GIVEN RECORDS
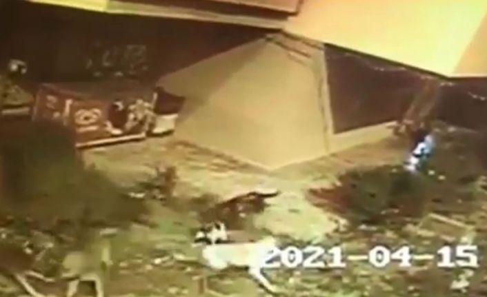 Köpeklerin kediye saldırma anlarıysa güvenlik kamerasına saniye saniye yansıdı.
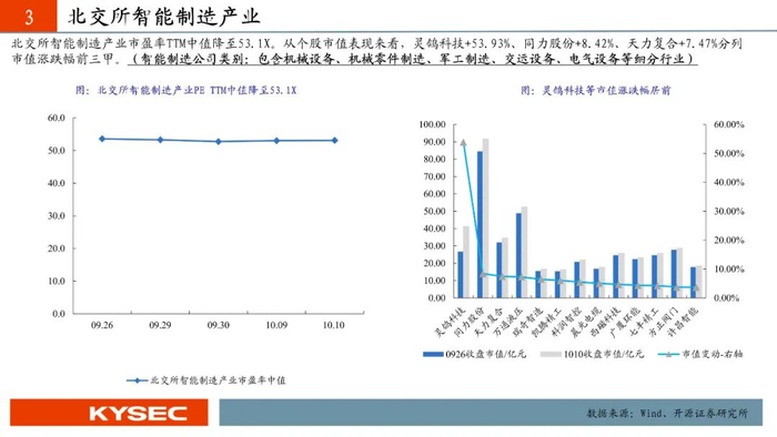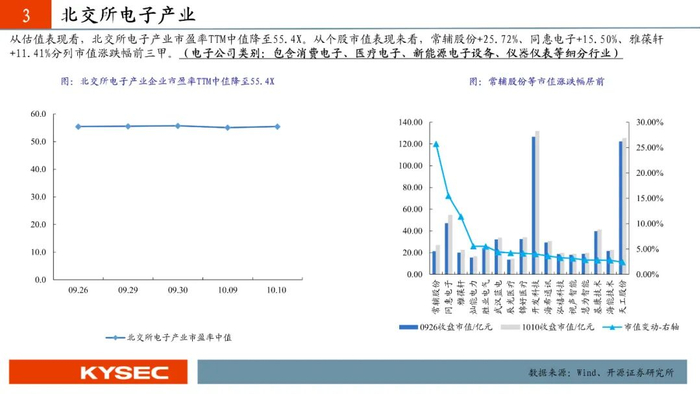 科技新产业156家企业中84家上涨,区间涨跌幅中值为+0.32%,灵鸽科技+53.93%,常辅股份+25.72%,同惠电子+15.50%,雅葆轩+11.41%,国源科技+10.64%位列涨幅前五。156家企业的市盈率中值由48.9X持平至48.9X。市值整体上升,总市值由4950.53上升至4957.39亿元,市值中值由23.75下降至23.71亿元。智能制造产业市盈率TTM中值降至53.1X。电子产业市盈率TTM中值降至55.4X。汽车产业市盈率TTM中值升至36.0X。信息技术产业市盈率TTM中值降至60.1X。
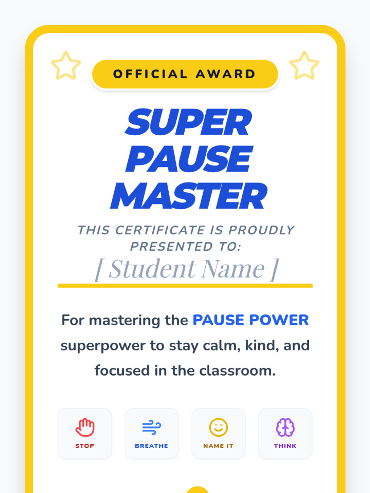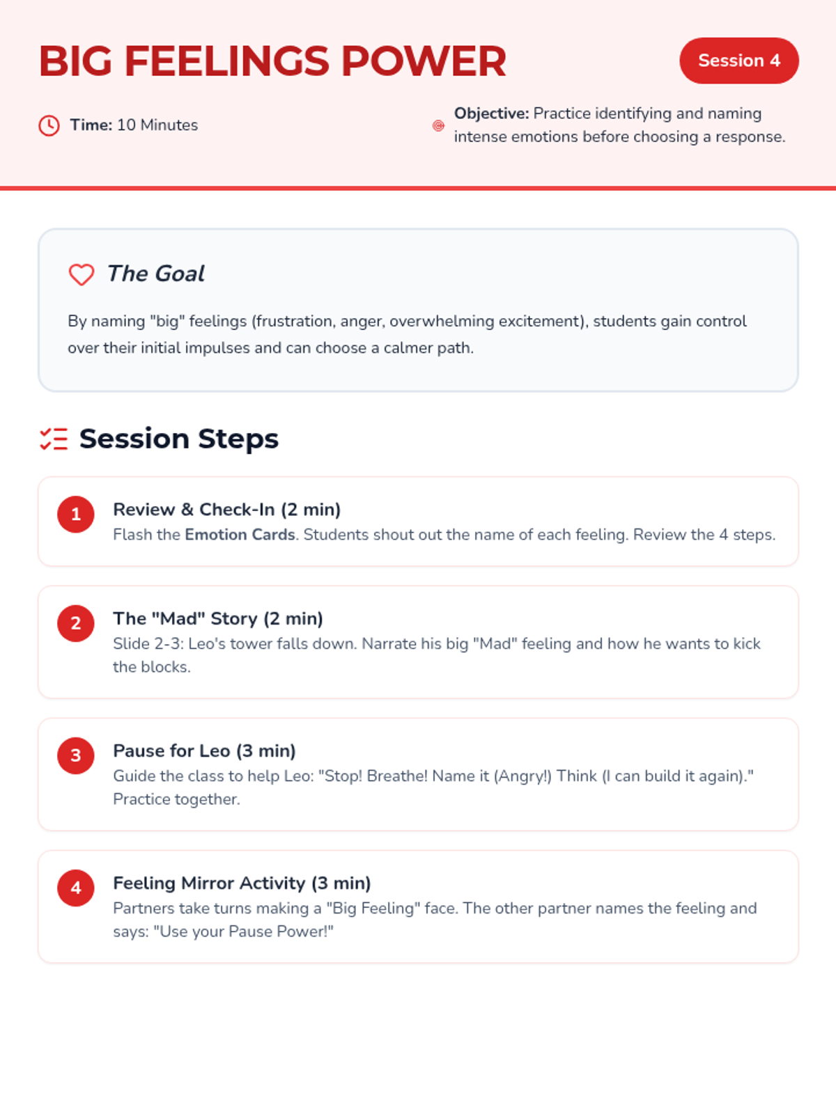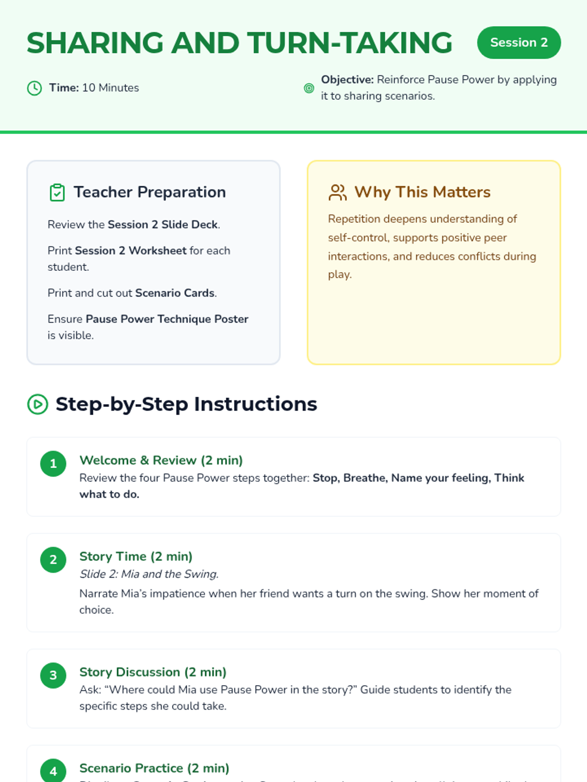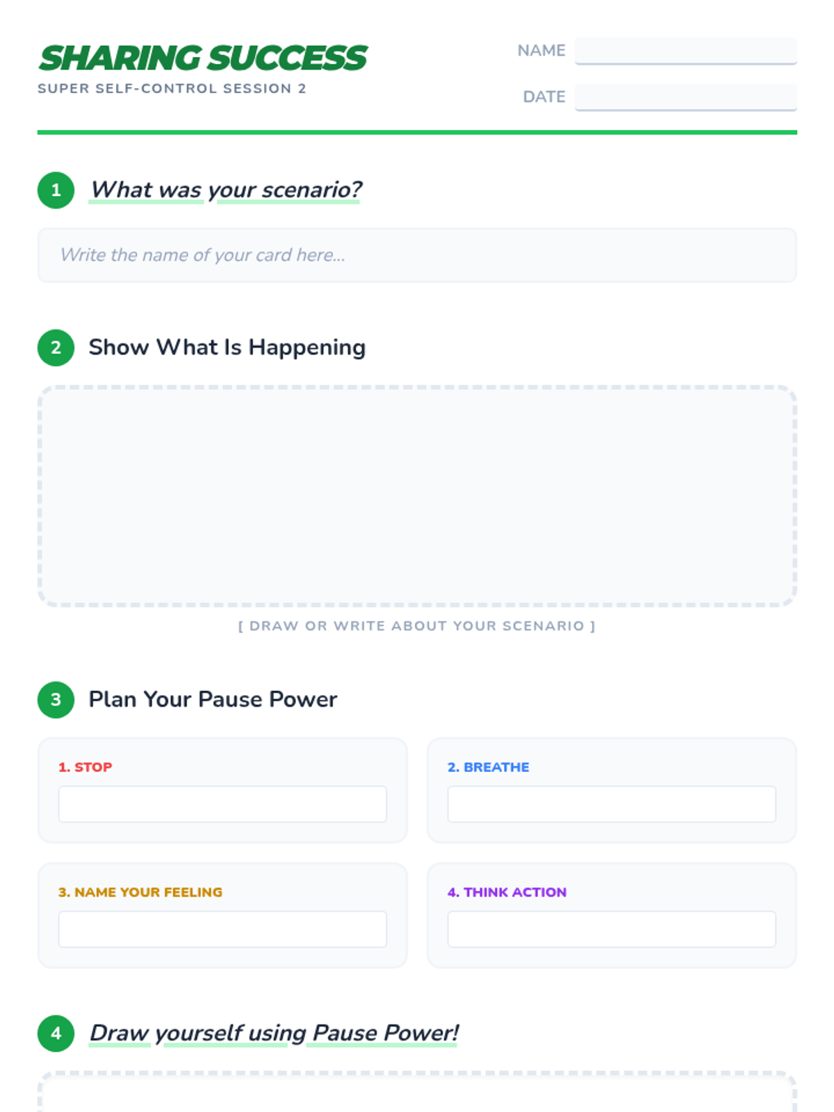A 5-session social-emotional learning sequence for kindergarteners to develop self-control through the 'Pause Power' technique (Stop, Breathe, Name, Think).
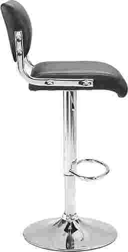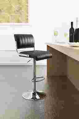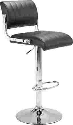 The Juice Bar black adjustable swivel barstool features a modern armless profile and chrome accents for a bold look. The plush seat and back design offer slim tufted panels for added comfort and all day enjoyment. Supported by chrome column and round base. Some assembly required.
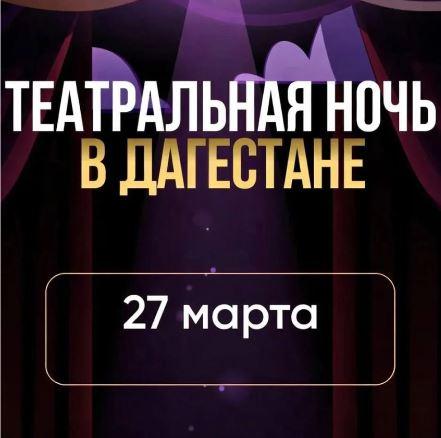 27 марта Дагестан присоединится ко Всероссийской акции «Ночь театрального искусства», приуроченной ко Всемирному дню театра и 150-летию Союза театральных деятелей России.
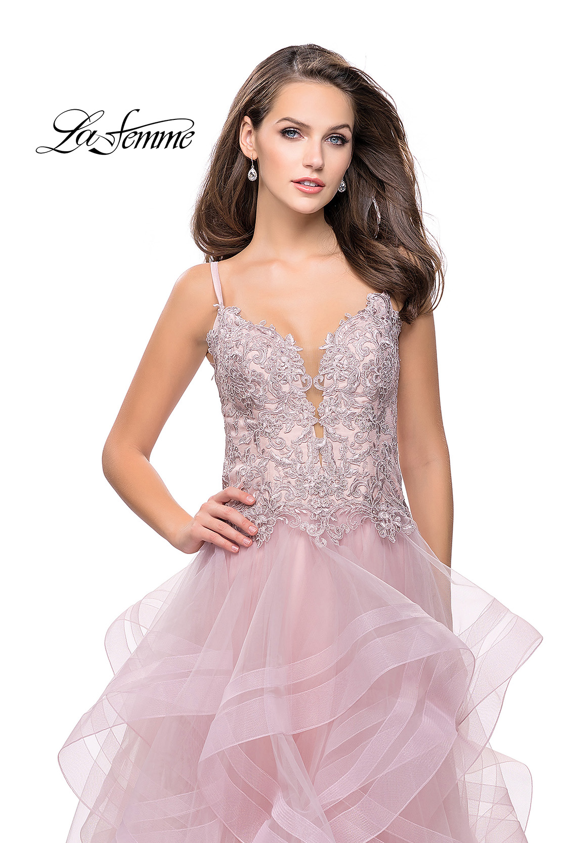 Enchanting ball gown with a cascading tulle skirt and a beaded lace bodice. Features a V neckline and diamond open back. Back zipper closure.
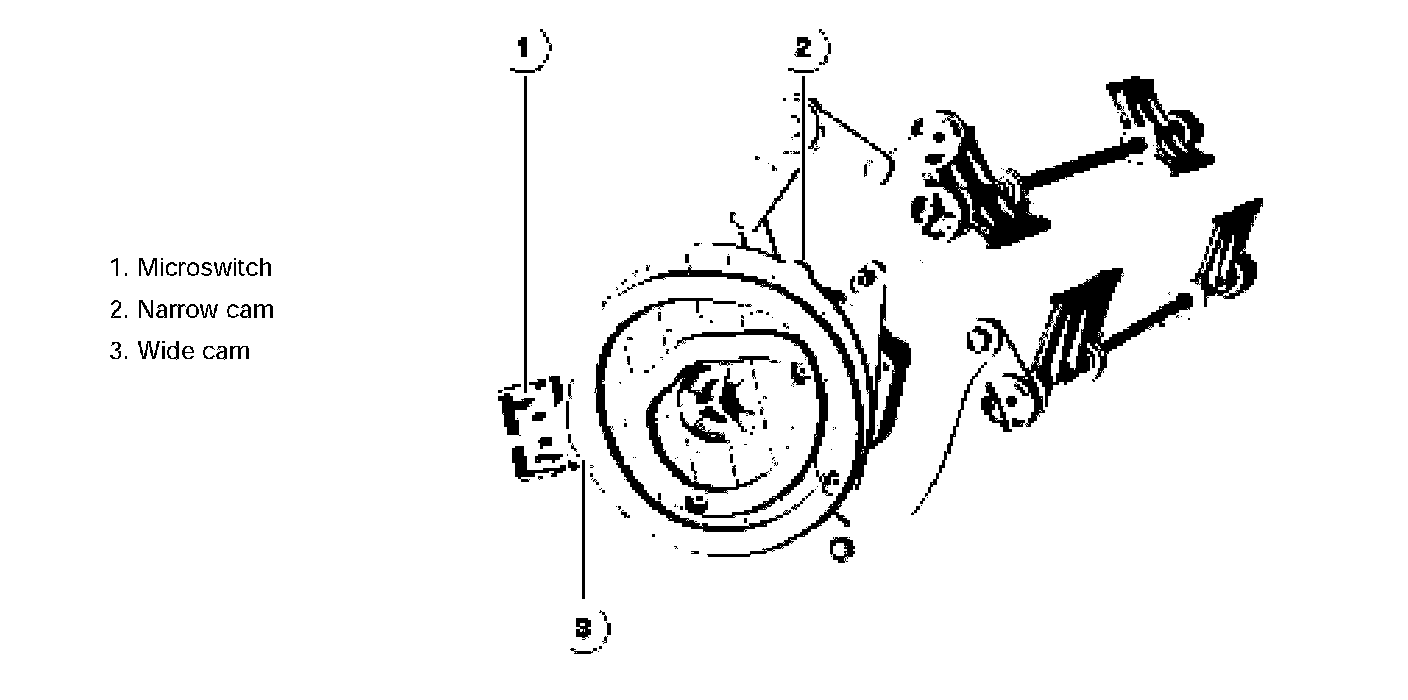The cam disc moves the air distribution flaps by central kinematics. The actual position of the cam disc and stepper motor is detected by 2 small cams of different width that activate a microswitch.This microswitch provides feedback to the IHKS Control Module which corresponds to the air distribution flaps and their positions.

WHAT YOU NEED TO DO
Please return the full listing word for word, but without any pictures.

ANSWER SPACE
 Köpeklerin kediye saldırma anlarıysa güvenlik kamerasına saniye saniye yansıdı.
 科技新产业156家企业中84家上涨,区间涨跌幅中值为+0.32%,灵鸽科技+53.93%,常辅股份+25.72%,同惠电子+15.50%,雅葆轩+11.41%,国源科技+10.64%位列涨幅前五。156家企业的市盈率中值由48.9X持平至48.9X。市值整体上升,总市值由4950.53上升至4957.39亿元,市值中值由23.75下降至23.71亿元。智能制造产业市盈率TTM中值降至53.1X。电子产业市盈率TTM中值降至55.4X。汽车产业市盈率TTM中值升至36.0X。信息技术产业市盈率TTM中值降至60.1X。
A 5-session social-emotional learning sequence for kindergarteners to develop self-control through the 'Pause Power' technique (Stop, Breathe, Name, Think).
 The Juice Bar black adjustable swivel barstool features a modern armless profile and chrome accents for a bold look. The plush seat and back design offer slim tufted panels for added comfort and all day enjoyment. Supported by chrome column and round base. Some assembly required.
 27 марта Дагестан присоединится ко Всероссийской акции «Ночь театрального искусства», приуроченной ко Всемирному дню театра и 150-летию Союза театральных деятелей России.
 Enchanting ball gown with a cascading tulle skirt and a beaded lace bodice. Features a V neckline and diamond open back. Back zipper closure.
The cam disc moves the air distribution flaps by central kinematics. The actual position of the cam disc and stepper motor is detected by 2 small cams of different width that activate a microswitch.This microswitch provides feedback to the IHKS Control Module which corresponds to the air distribution flaps and their positions.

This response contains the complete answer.